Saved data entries
##########
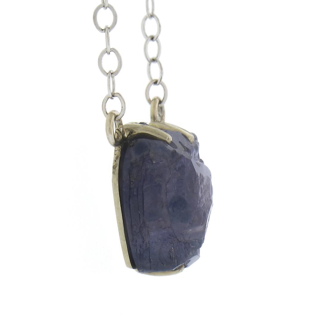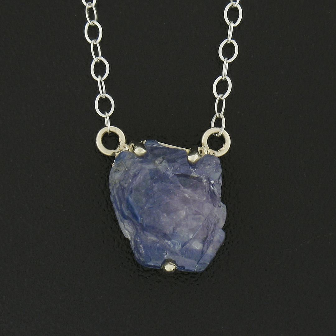 A solid 14k white gold pendant necklace by Chinchar Maloney, featuring 1 uncut natural genuine Iolite or tanzanite (purple - 9.3x8mm). 18 inch cable link chain, 1.91 grams total weight, pendant measures 9.3x8mm.
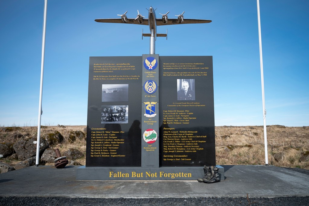 So I’ll end with this: General Andrews may be forgotten in America, a mere footnote in history, but he is remembered with reverence in Iceland. As recently as 2013, on the 70th anniversary of the crash, a memorial plaque was unveiled near Mt. Fagradalsfjall on the site where a monument is planned. The unveiling was accompanied by a flyby in missing man formation. Olafur Grimsom, the President of Iceland, spoke at a memorial service in nearby Keflavik attended by U.S. Ambassador Luis Arreaga, the Bishop of Iceland for Skalholt, and the Catholic Bishop of Reykjavik. The permanent memorial monument is scheduled to be unveiled on the 75th anniversary of the crash in 2018. It will point to the sky and the mountain where intrepid hikers still come upon pieces of twisted metal wreckage from Hot Stuff.
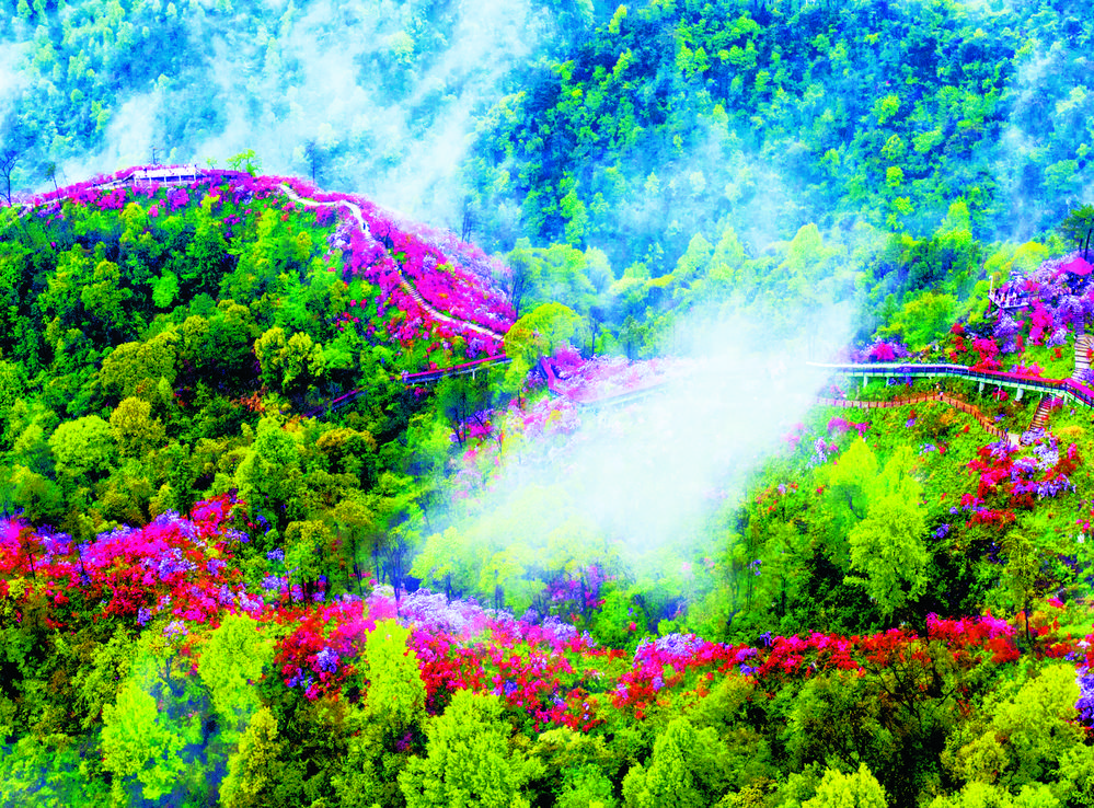 4月3日,云雾中的安徽省安庆市岳西县河图镇龙门大峡谷千亩野生高山杜鹃竞相开放,美不胜收。当日,河图镇春雨间歇,素有“华东第一大峡谷”美誉的龙门大峡谷山间云雾缭绕,姹紫嫣红,宛如仙境。清明假期,云雾杜鹃胜景迎来八方游客,人们徜徉其中,尽享“花海盛宴”。
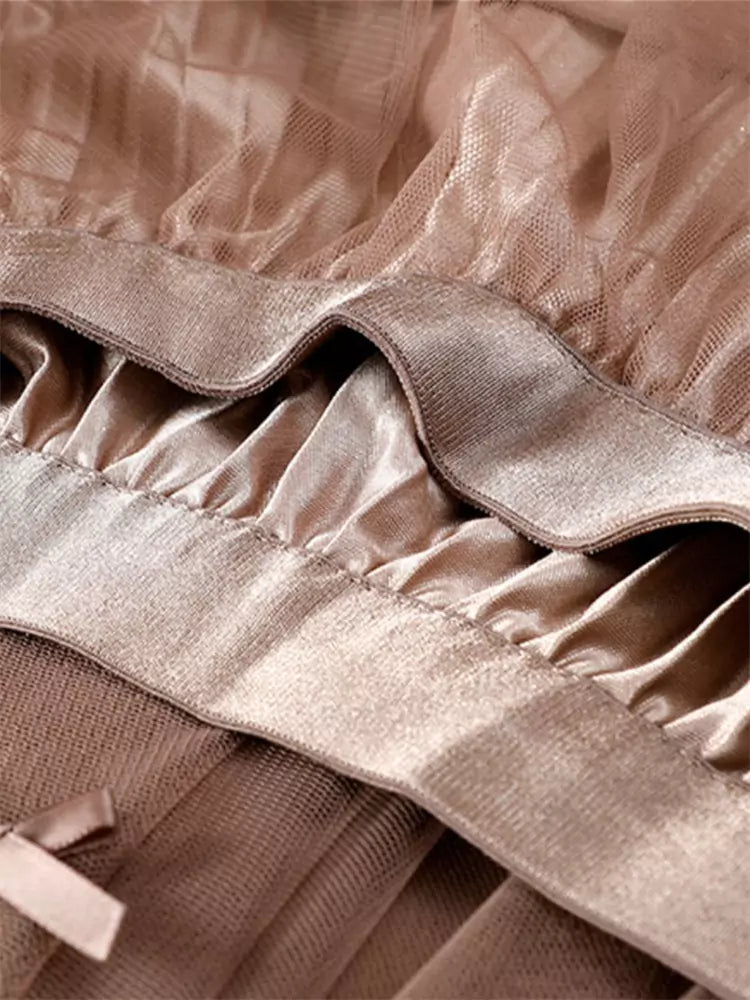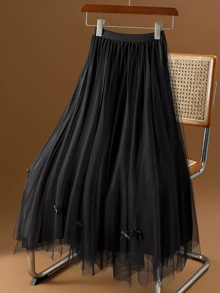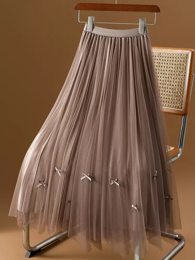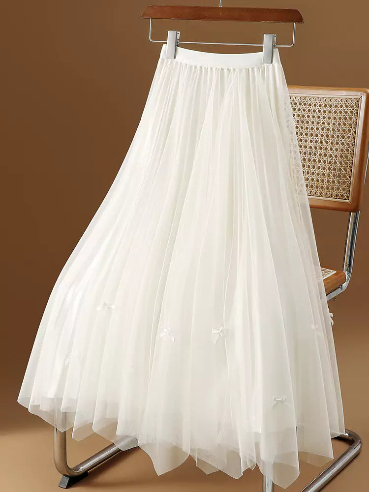 Hochwertiger, beidseitig tragbarer Tüllrock mit Schleife, unregelmäßigem Saum und A-Linien-Schnitt für Damen
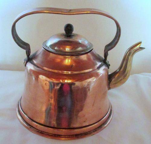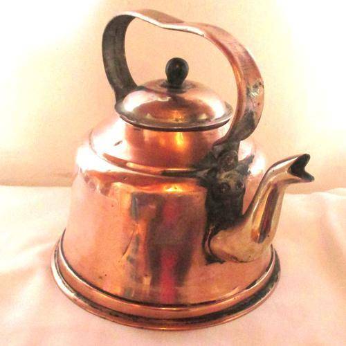 Beautiful Red copper kettle, ideal for the gas stove. Please see condition. Dimensions: height 20.5cm,width 24cm, bottom 18.5cm,top opening 8cm,lid width 18.9cm, Shipping R80.00
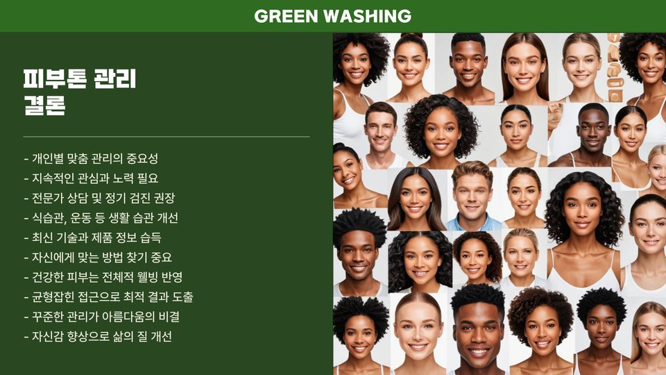 피부톤에 대한 이해는 메이크업, 스타일 선택뿐만 아니라 피부 관리에도 중요한 영향을 미칩니다. 피부톤에 맞는 제품 선택과 색상 조합을 통해 자신감 있는 외모를 연출할 수 있도록 노력해보세요.
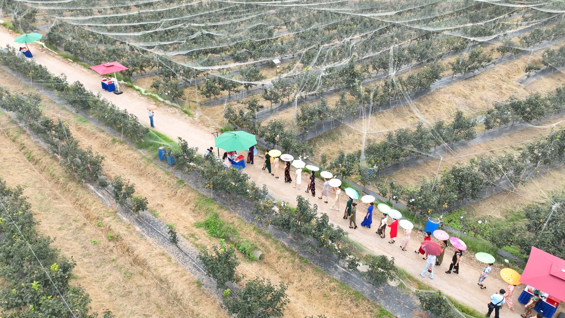 肥西官亭镇好柿年年采摘基地与六安相毗邻,本次活动还邀请合肥、六安两地 10 位自媒体头部主播、以及肥西月月农主播“小月月”参与 溯源带货,镜头里的甜柿与游客的笑脸相映成趣,助推太秋甜柿线上销售热度攀升。
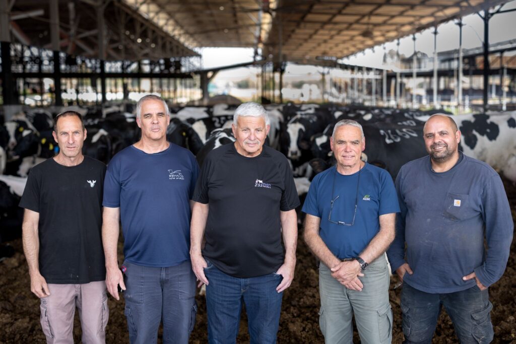 רפתני הנגב המערבי (מימין לשמאל): אבי מויאל (רפת חלוצה), אבי פריימן (רפת עלומים), שמיל בלברמן (רפת 232), אודי שהם (רפת סעד), בני קינן (רפת עלומים). השלכות הרפורמה המוצעת עלולות להביא לסגירת רפתות בפריפריה | צילום: שחר יורמן
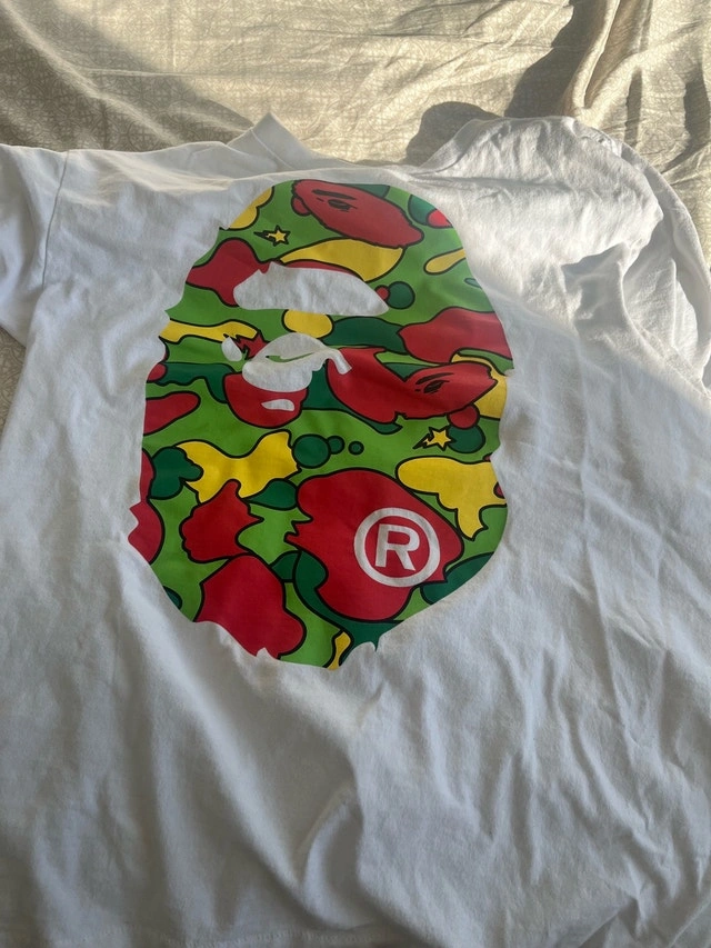 This is a BAPE T-shirt, featuring a vibrant camo design that’s sure to turn heads. The shirt is in used condition, but it has been well taken care of. Key Features: - Brand: BAPE (A Bathing Ape) - Size: Medium - Design: Iconic BAPE camo print. Good condition.
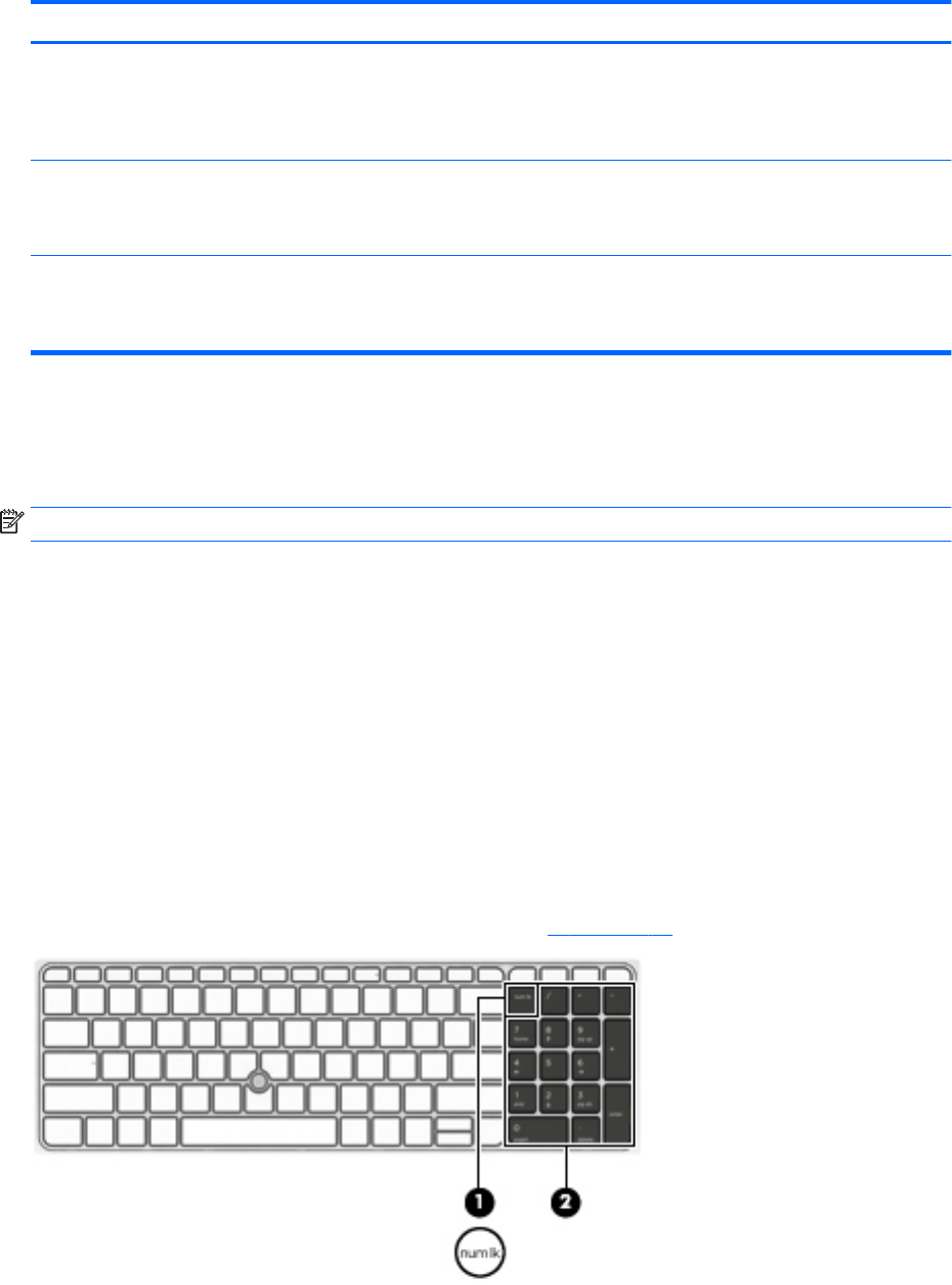 참고: 컴퓨터에 외장 키보드나 숫자 키패드가 연결되어 있으면 내장형 숫자 키패드는 꺼져 있습니다.
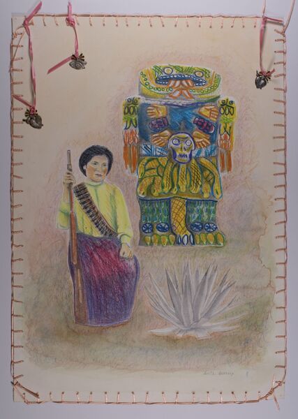 The work depicts Coatlicue and La Adelita, appropriated from a Agustín Víctor Casasola (1874-1938) photograph of the Mexican Revolution. Mixed media with manipulated collagraph. Dimensions: 18 ½” x 13"
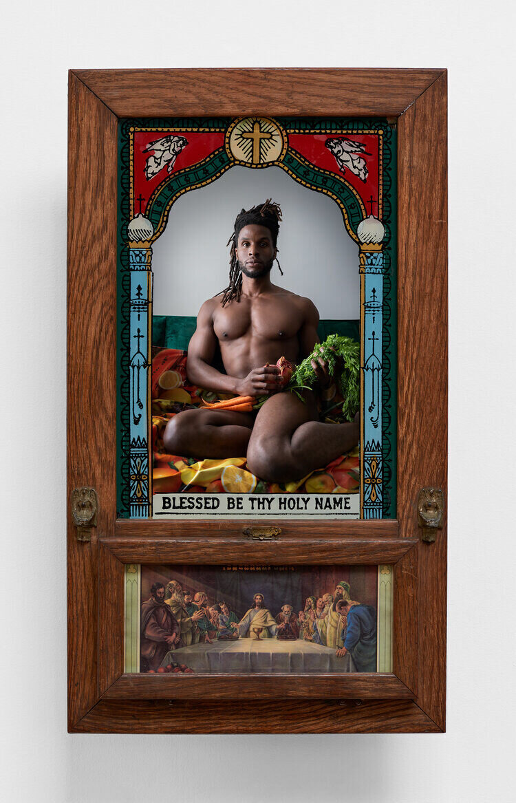 Individually titled 'The Fall of Man (Sin), Act of Contrition (Shame), The Revelation (Self-acceptance)', the self-portraits confront colonial Christianity’s violent history while reclaiming Queer embodiment as divine.
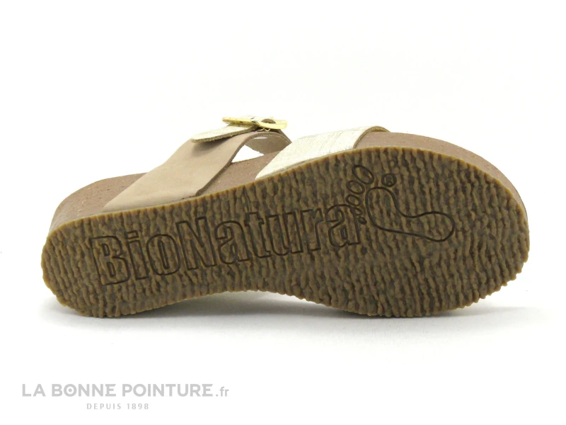 Les tongs anatomiques à talon compensé BioNatura 28A729, des tongs dorées et brillantes au meilleur rapport qualité/prix pour la saison estivale !
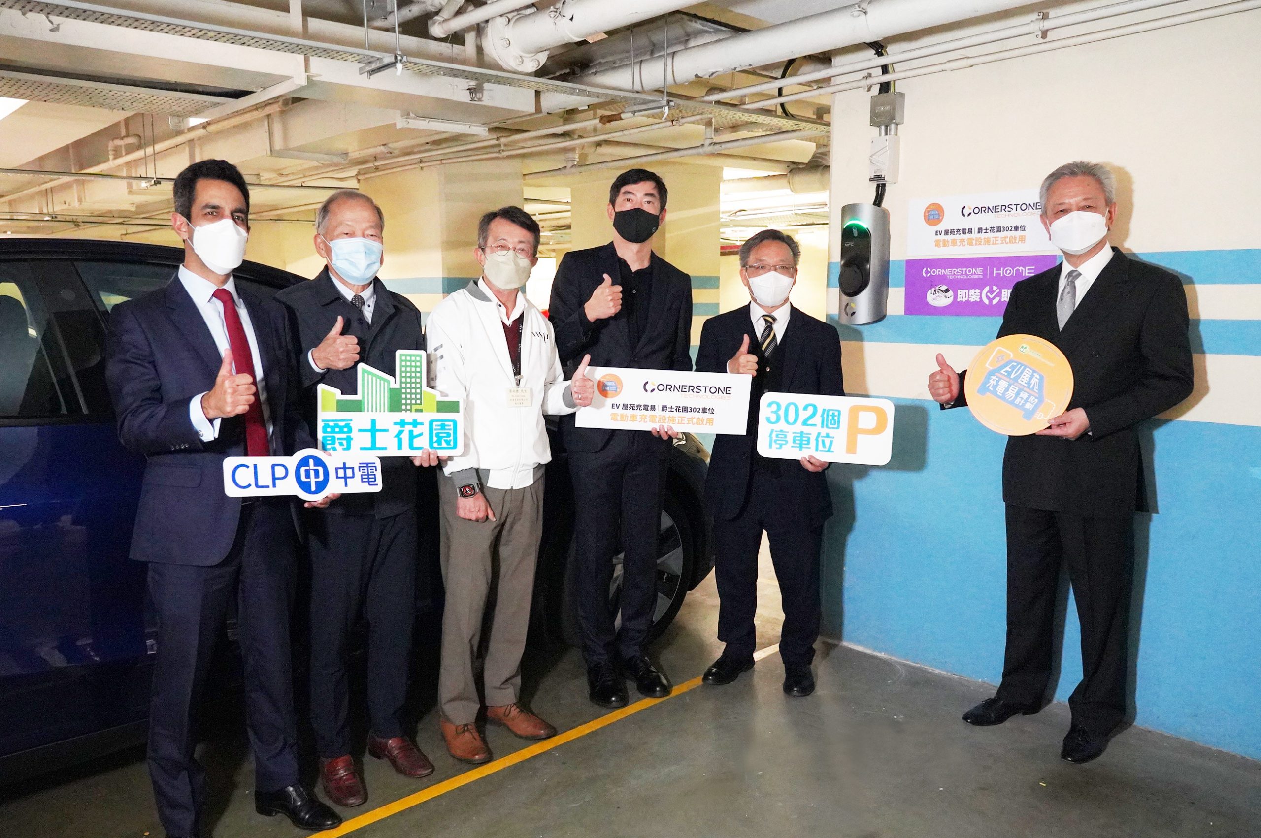 CEO of Cornerstone Technologies Mr Vincent Yip, Principal Assistant Secretary (Air Policy) of Environment and Ecology Bureau Dr Kenneth Leung, Legislative Council Member the Hon Frankie Yick, CLP Power eMobility Director Mr. Saraansh Dave, WSP Executive Director Mr. Eddie Leung yesterday (12 January) joined representatives of the owners’ corporation and property management company at The Regalia for a completion ceremony for the newly installed EV charging facilities.
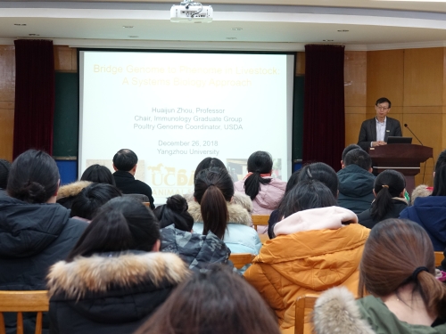2018年12月26号下午,我院邀请了来自美国加州大学戴维斯分校周怀军教授来开展学术报告。周怀军教授是戴维斯分校免疫学、家禽科学、基因组学等研究组成员,担任免疫研究组2018-2021年度主席,还兼任美国农业部(USDA)、美国国际开发署(USAID)相关实验室项目主管,长期从事家禽禽流感、新城疫等传染病宿主免疫应答特性和免疫机理研究。
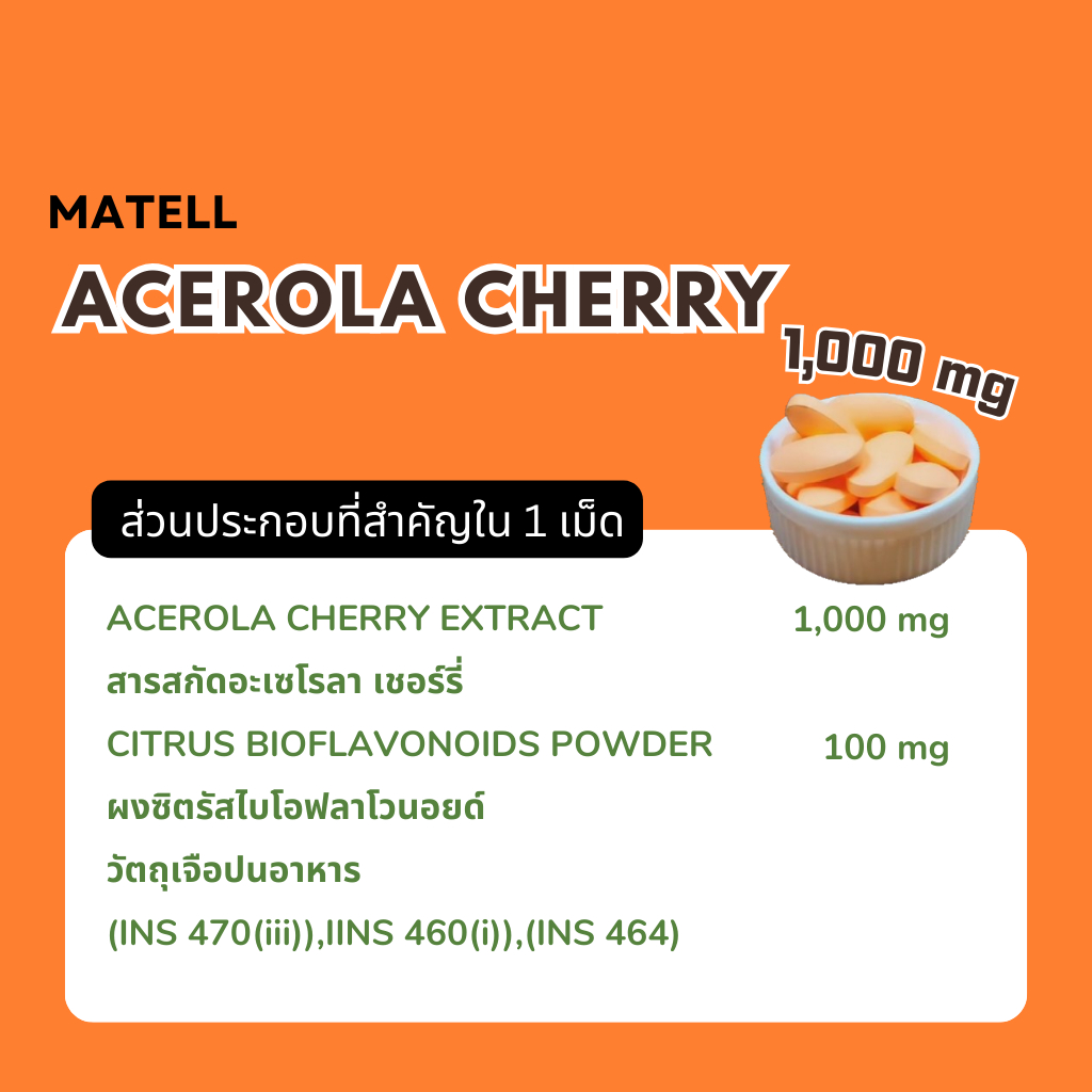 MATELL Acerola Cherry 1000 mg 50 Tablets อะเซโรล่า เชอร์รี่ 1000 มก 50 เม็ด
##########
▶ **WHAT THE TASK ASKS**: Repeat only the stretch of data above that runs from the line with "참고: 컴퓨터에 외장" to the line with "Les tongs anatomiques à". Keep both end lines; exclude pictures.

▶ **RESPONSE TO THIS TASK**:
 참고: 컴퓨터에 외장 키보드나 숫자 키패드가 연결되어 있으면 내장형 숫자 키패드는 꺼져 있습니다.
 The work depicts Coatlicue and La Adelita, appropriated from a Agustín Víctor Casasola (1874-1938) photograph of the Mexican Revolution. Mixed media with manipulated collagraph. Dimensions: 18 ½” x 13"
 Individually titled 'The Fall of Man (Sin), Act of Contrition (Shame), The Revelation (Self-acceptance)', the self-portraits confront colonial Christianity’s violent history while reclaiming Queer embodiment as divine.
 Les tongs anatomiques à talon compensé BioNatura 28A729, des tongs dorées et brillantes au meilleur rapport qualité/prix pour la saison estivale !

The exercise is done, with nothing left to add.